There are times when shortcuts are good things. Other times, not so much. Take, for example, the time that I was trying to complete the land navigation course at Fort Benning, Georgia, at a pace that would give me plenty of time at the finish line to rest and relax while everyone else struggled over hill and dale. I can do it, certainly; my daddy taught me to read the land at an early age as we hiked around the Tombigbee Forest looking for buried Civil War treasure. I can 'nav with the best of 'em, in fact.
That's why, on the land nav course at Ft. Benning, I was so overjoyed to see my next point, identifiable as a white and orange triangular sack off in the distance, over on the very next hill. Climbing hills can be a little tiring no matter how fit you are, but gaining momentum downhill first makes it easier. So I set off at a sprint, figuring I could easily and quickly skirt closely around the pond at the bottom, then speed up the next hill to the bag. I could already see the finish line in my mind.
I figured that I could do it, anyway, until I saw the "Beware of Alligators" sign at the bottom. I almost ran right by the dang thing in my hurry, in fact. Oops. Momentum: all gone.
My first time up the Al-Can, I was as close to broke as you can be and still attempt it. I only had a little over a thousand dollars in cash on me, but that will barely make it even partway up these days with the enhanced cost of gasoline. Back then it was barely enough to satisfy customs requirements, and for good reason. By the time I'd crossed over back into red, white, and blue territory, I had just over $300 left to make it to Anchorage and find a camping spot that would last us till a paycheck arrived.
Tight, that was.
That was why I read the maps closely and decided that a path that saved me 100 miles, give or take, was a good idea. It wasn't the Al-Can, technically, but the Cassiar Highway is a well-known shortcut. Saving gas was a good idea. So, therefore, taking the Cassiar Highway up to Alaska was a great plan.
Uh huh. My suggestion now, having done it? Don't do it. Don't take shortcuts when land-navving in Georgia. Don't take shortcuts through Newark, NJ, at 2:00 a.m. in a government van. Don't tug on Superman's cape, or spit into the wind, or pull the mask off that ole' Lone Ranger. And don't, for the love of everything holy, don't take shortcuts on the Al-Can.

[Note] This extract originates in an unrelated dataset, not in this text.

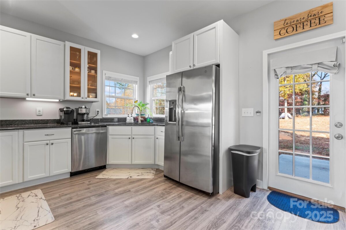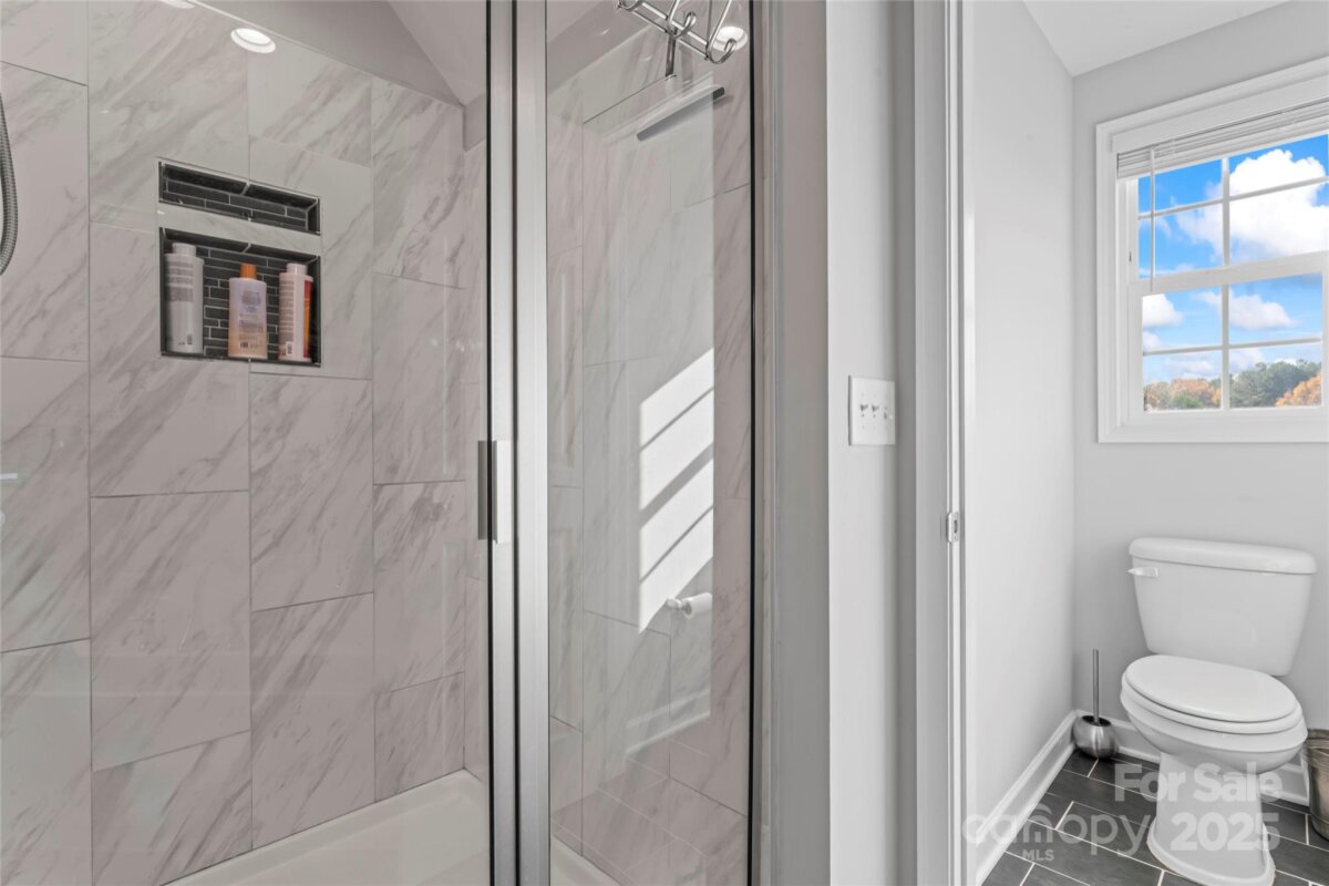 Charming home on almost 3/4 of an acre with gorgeous curb appeal! This beautiful home with massive front yard features an inviting large front porch! Inside you find a bright and open layout filled with natural light! The kitchen boasts white cabinetry, granite countertops and stainless-steel appliances making it an ideal space for cooking and entertaining that is open to the large family room! The primary suite is a true retreat with plenty of space to relax! The ensuite bath features a separate large garden tub, tiled shower, granite topped vanity with double sinks and walk in closet. Large spacious secondary bedrooms and bathroom separate from the primary suite makes this an ideal layout! Additional highlights include a walk-in attic and a bright spacious side load garage! Step outside to a tree-lined backyard complete with a patio and firepit perfect for relaxing and entertaining. This home offers the perfect blend of comfort, space, and convenience as it is located just minutes from shopping and everyday essentials and provides both privacy and accessibility.

The Cassiar Hwy is actually identified as a "scenic route" by the AAA. And that, it is, if by "scenic" you mean long, gravel-covered, and deserted. It's about four hundred and fifty miles long, ducking as it does toward Juneau and logging country before leisurely turning back to the north. And did I mention that it isn't paved? At least, it wasn't in 1995.
It's rather spectacular, of course. Nearly all of British Columbia deserves that description. The forests and mountains are amazing.
The Milepost publication says, "watch for logging and freight trucks on the highway." Yeah, and also watch out for the fellow inhabitant that they don't bother bringing up: moose. They're there, and they're big.
To be honest, I'd never seen a moose before I drove that road.
Early one morning we'd woken from our slumber on a gravel pit and gotten on our way with very little to-do. I wanted to be off the Cassiar. I hadn't had coffee yet, but I still wanted to drive. Then, as my eyes adjusted to the early morning light, I came up behind the strangest thing--up ahead, a big black truck was swerving to and fro across the road. He was also going much slower than I, which was something to say because on the gravel I wasn't going much over 30. I slowed as we approached, becoming both irritated and concerned as I did.
Finally I looked across to where my wife sat. "I wonder what the hell he's doing," I said.
"What who's doing?"
"That truck up there. He looks like he's drunk."
She looked at me with one of those "I can't believe how stupid you just proved yourself" looks that only beloved wives can manage. She started to say something, and then looked back to the front, sputtered for a second, and then gave me the look again.
Finally she turned to me and, voice quietly dripping sarcasm, said, "Stephen, that's a moose."
I didn't want to believe her, but as we neared the massive monster I had to admit my mistake. Eventually the wide black shape resolved into antlers, and I finally caught a sideways profile as it left the road when we came close.
"What's with the side to side running?" I asked. She explained, then, that moose can only see out of the sides of their faces, so the side to side running allows them to keep moving forward while seeing what's ahead.
I never heard the end of that one.
So, folks, never take shortcuts on the Alaska Highway. And if you do take a shortcut, men, never say anything dumb before your first cup of coffee.